Men can laugh. But underneath the badinage is a continuing truth that, despite all the gains, women are still not up there in the top jobs; one woman in the Supreme Court, a tiny number heading FTSE companies, a third of all boards totally male, four women in a government cabinet of 23 (although Gordon Brown's first Cabinet was little better on this front - with just five women and 17 men).
It is not a great story. Last week Chambers Directory gave awards to lawyers and barely a woman got a mention. There were yards of men in penguin suits and hardly a sequinned frock to be seen.
When I became President of the Women of the Year Lunch the grumblers all asked why such an event was necessary in 2010.
"What are you thinking about, Helena. All that is old hat." Really?
And the naysayers are not all men on this score. Some women too think the day has gone for celebrating women's achievements, though they are usually women who live and work in the comfort zones.
I have worked too long in law to think that everything has been done on equality for women.
The prevalence of domestic violence and the failure of the justice system on rape cases are testament to continuing problems here, but the fact that women continue to suffer most human rights abuses around the world - from honour killing to genital mutilation, from stoning to forced marriage, from abortion of the girl child to sexual violence and trafficking - tells us that there is still much to done.
When I was a young woman at the Bar, there were chambers with an unofficial policy that they just did not take women - women did not have what it took to stand up in court and argue coherently or cross-examine.

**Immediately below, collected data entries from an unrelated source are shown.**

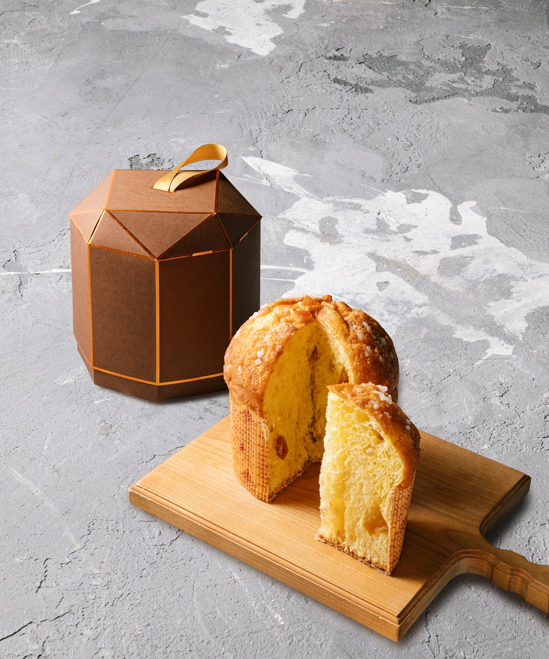 レモン、オレンジ、柚子ピールを練り込んだ、シンプルなパネットーネ。軽くしなやかな生地は口の中で解けるように溶けていきます。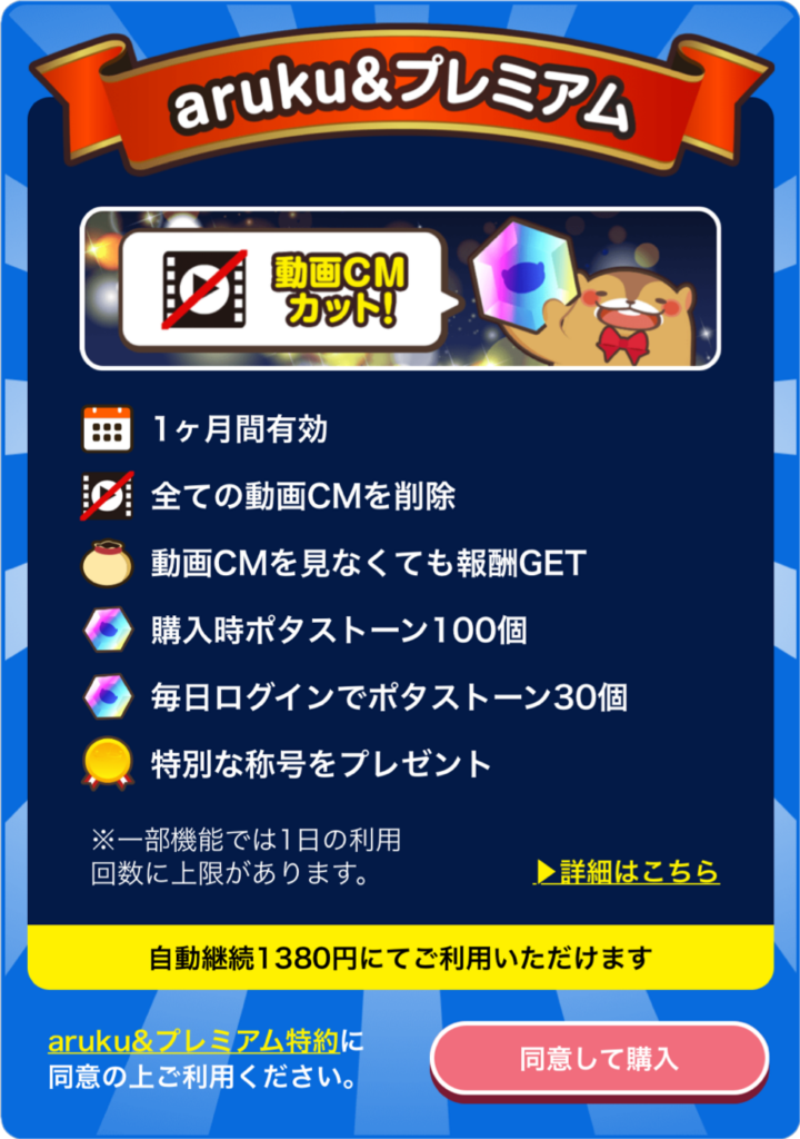 - aruku&プレミアム(月額1380円)加入でお得な特典がもらえる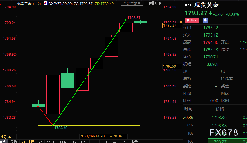 北京时间周二(9月14日)20:30,美国公布8月通胀数据,较前值有所回落,缓解了市场对美联储尽早开启缩减购债的预期。截至发稿,现货黄金跳涨逾9美元至1793.57美元/盎司,累计波动近11美元。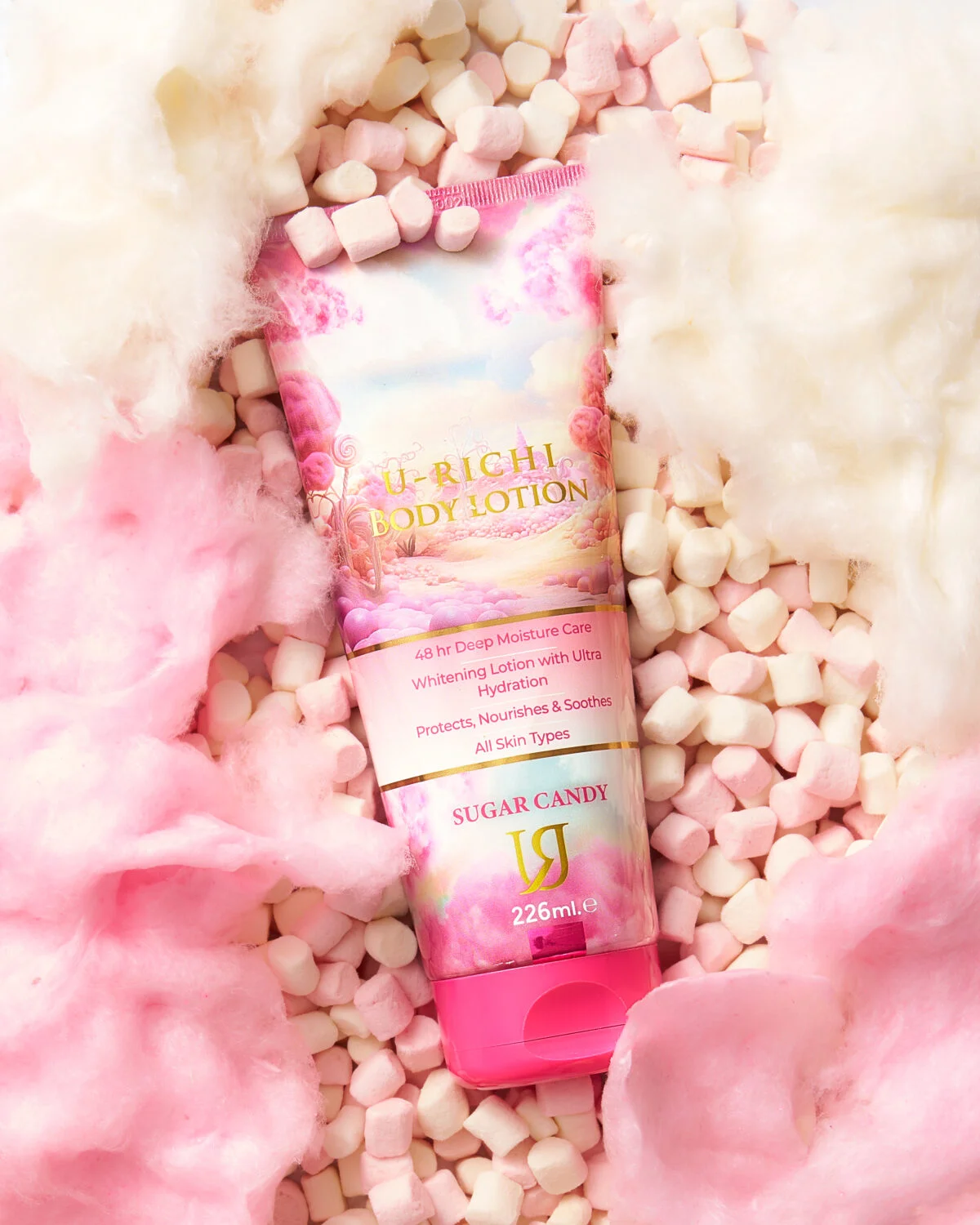 Enjoy a playful and delightful scent with U-Richi Body Lotion in Sugar Candy. This lotion provides deep moisture and ultra-hydration that lasts for up to 48 hours, leaving your skin feeling incredibly soft. Its advanced formula not only moisturizes but also works to whiten, nourish, and soothe your skin. Lightweight and suitable for all skin types, it gives your body a radiant look and a sweet, long-lasting fragrance.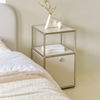 미니 모듈 침대 옆 협탁 사이드 테이블, 2단, 1개, 실버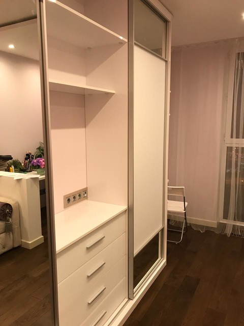 Материал исполнения: мебельная плита EGGER, цвет Белый альпийский; профиль S1200 Серебро; наполнение двери: зеркало серебро, стекло Matelac 9003
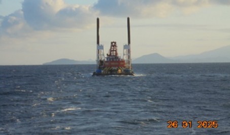 A Grab Barge towed from Takamatsu, JP to Mataphut, TH in 8 days by 3..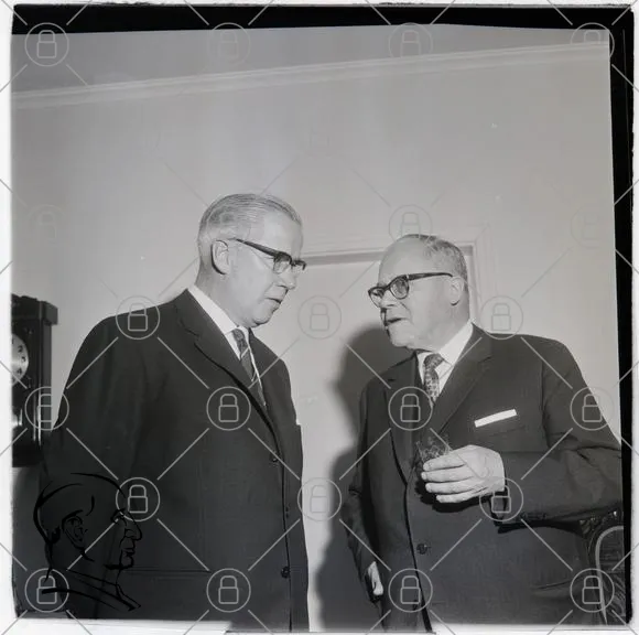 två män, kostymer, glas, samtal, svartvitt, inomhus, klocka, 1960-tal, formell klädsel, glasögon, diskussion, affärsmöte, professionell, interiör, stil, vintage, retro, socialt, uttryck, kroppsspråk, relation, miljö, rum, detaljer, ansiktsuttryck, manlig, vuxna, traditionell, klädsel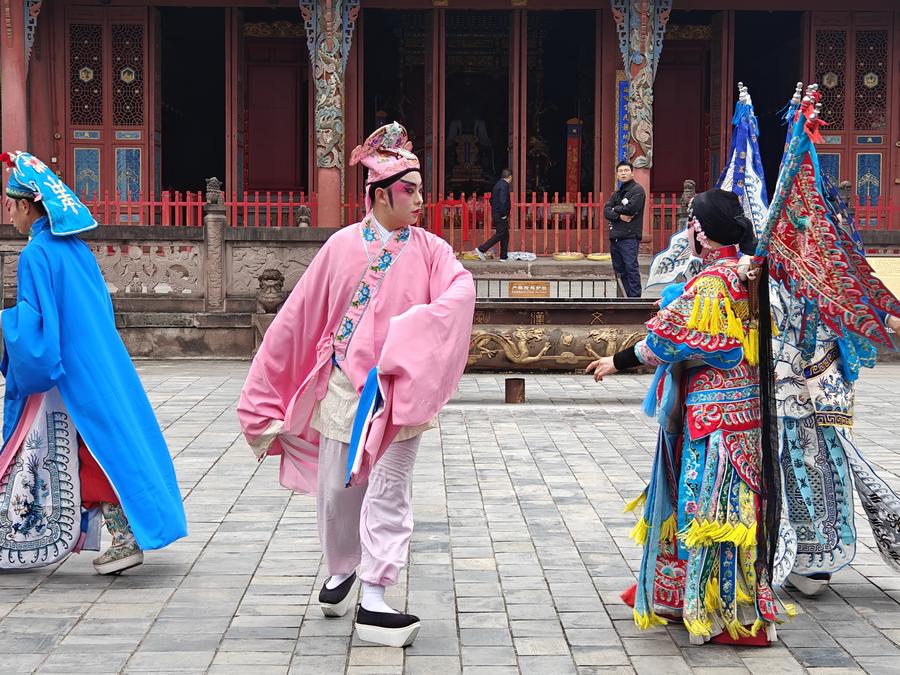 “咚鏘咚咚鏘!”春節(jié)里,四川德陽廣漢文廟內(nèi),戲文聲,鑼鼓聲,叫好聲,掌聲響成一片。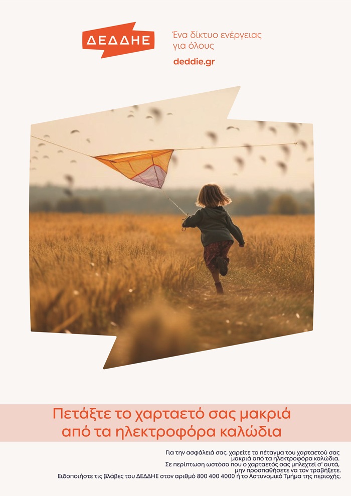 Ο Διαχειριστής Ελληνικού Δικτύου Διανομής Ηλεκτρικής Ενέργειας (ΔΕΔΔΗΕ), σας συμβουλεύει να μην πετάτε τον χαρταετό σας κοντά σε ηλεκτροφόρα καλώδια, καθώς υπάρχει σοβαρός κίνδυνος ηλεκτροπληξίας για εσάς και διακοπής της παροχής ρεύματος στη γύρω περιοχή.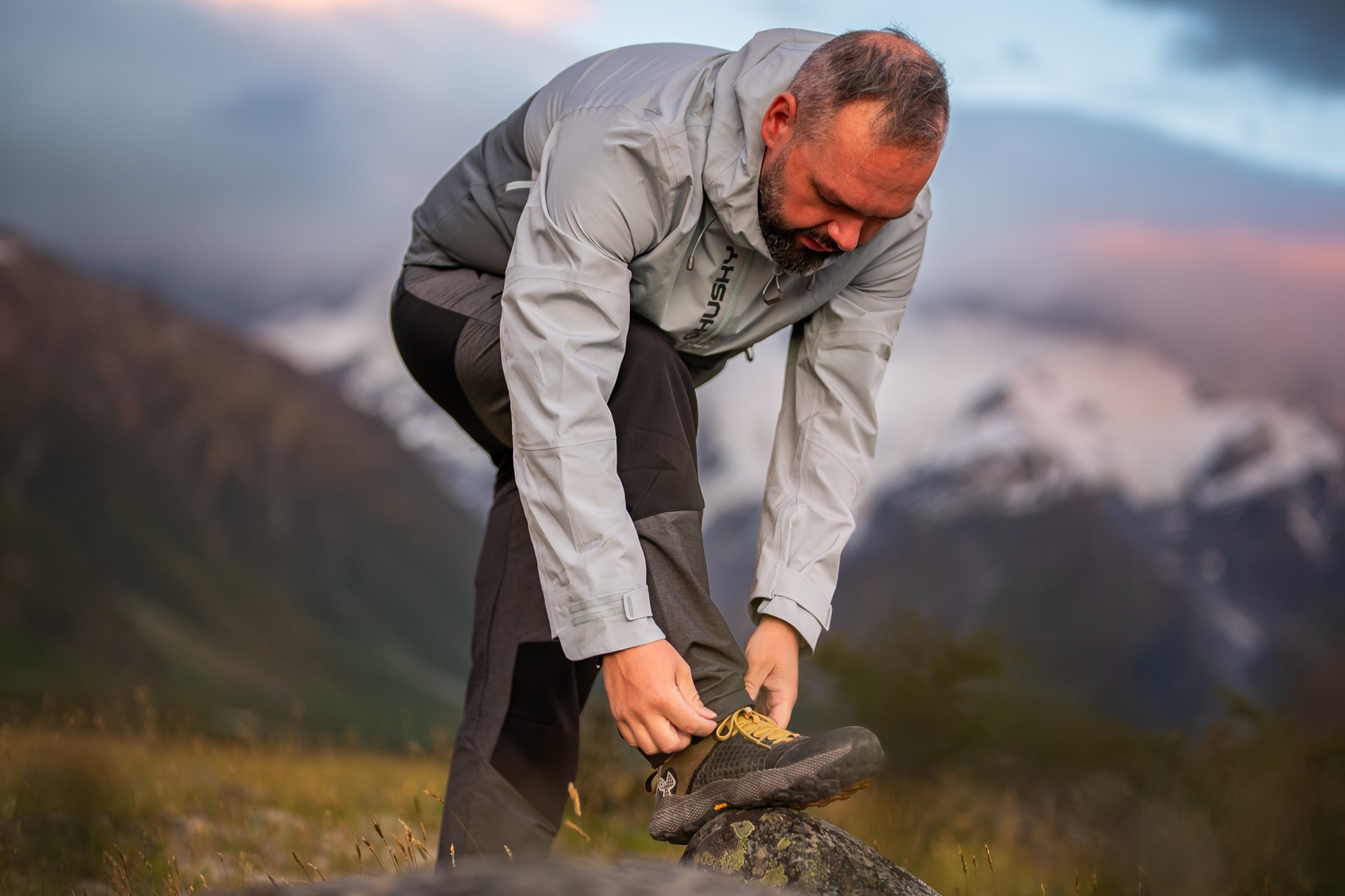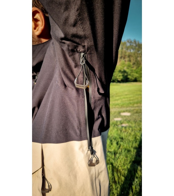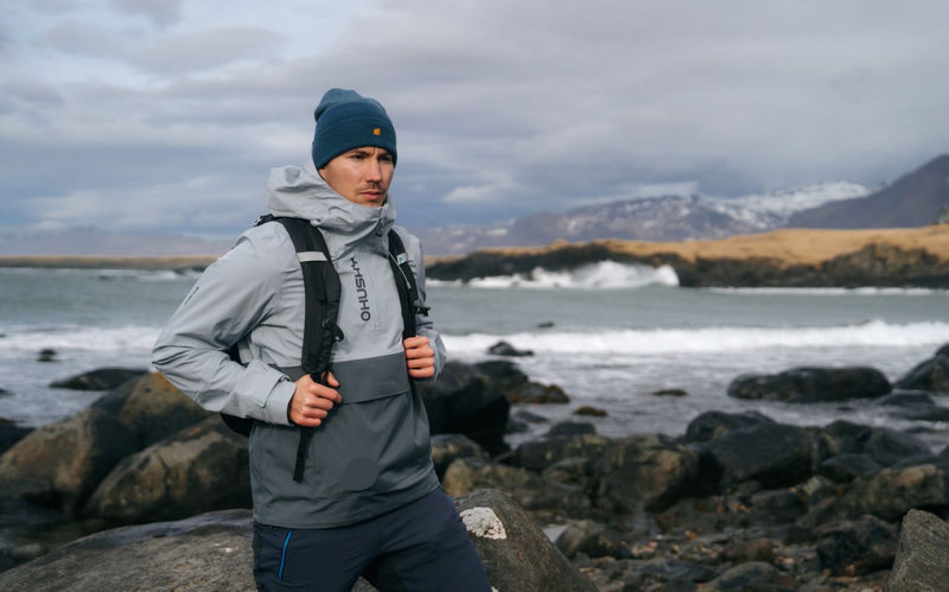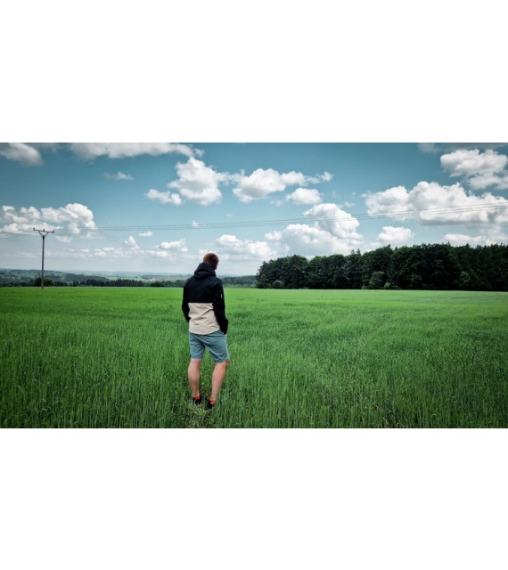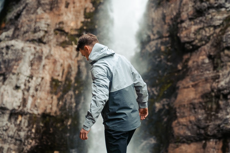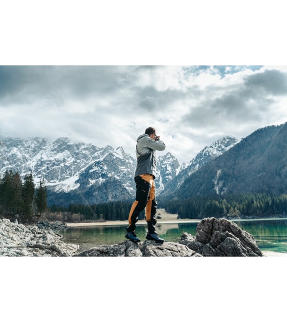 Multifunctional men’s outdoor jacket with hood, for year-round use in demanding conditions, worn both in the countryside for hiking and in the city.

Our brains were not suited to the kind of logical discipline that the law required.
Then there were those chambers that were cannier, whose leaders said: "Women? We are not against women. We've got one." Those were the days.
Women are now half the intake in most university courses, including law. They appear to be everywhere.
Yet women still do not follow through into the senior jobs. We keep being told it is just a matter of time and that evolution will solve the problem, as though, like fish growing feet, women will eventually develop into the kind of person who can wield power.
In most institutions, women have reached a plateau at around 18% in senior roles from the financial sector to the judiciary.
The interesting question now is why we are stuck. Usually it is a combination of factors around the inability of institutions to adapt and become more flexible to accommodate women's lives but it is also about the culture of organisations, exclusive networks which work to the disadvantage of women, and the failure of leading men to bring talented women on.
I always remember a woman friend, who was a Conservative politician, very astutely noticing that men did not "talk up" young women in the way they did young men.
It is partly that we tend to choose as our protegees people in whom we see our younger selves. There is a self-perpetuating tendency in all institutions for this reason which leads to their replication in the old order.
I had the good fortune of being mentored by some wonderful men who gave me opportunities and advice throughout my career but not all women have such good luck. The challenge is for men to break the old patterns in a conscious way.
The Women of the Year Lunch is an opportunity to celebrate women. Some have high profile but most do great things below the radar.
They have broken barriers and broken records, struggled against the odds and survived, created projects to improve our world and left us breathless with wonder.
What's to sneer at? Measuring achievement is a way of taking stock, paying tribute and sending out signals to all women that women are continuing to move on.
We have to keep doing that - out and proud of the contribution women make. And there is nothing po-faced about this event. Boy, do we laugh. But without the boys.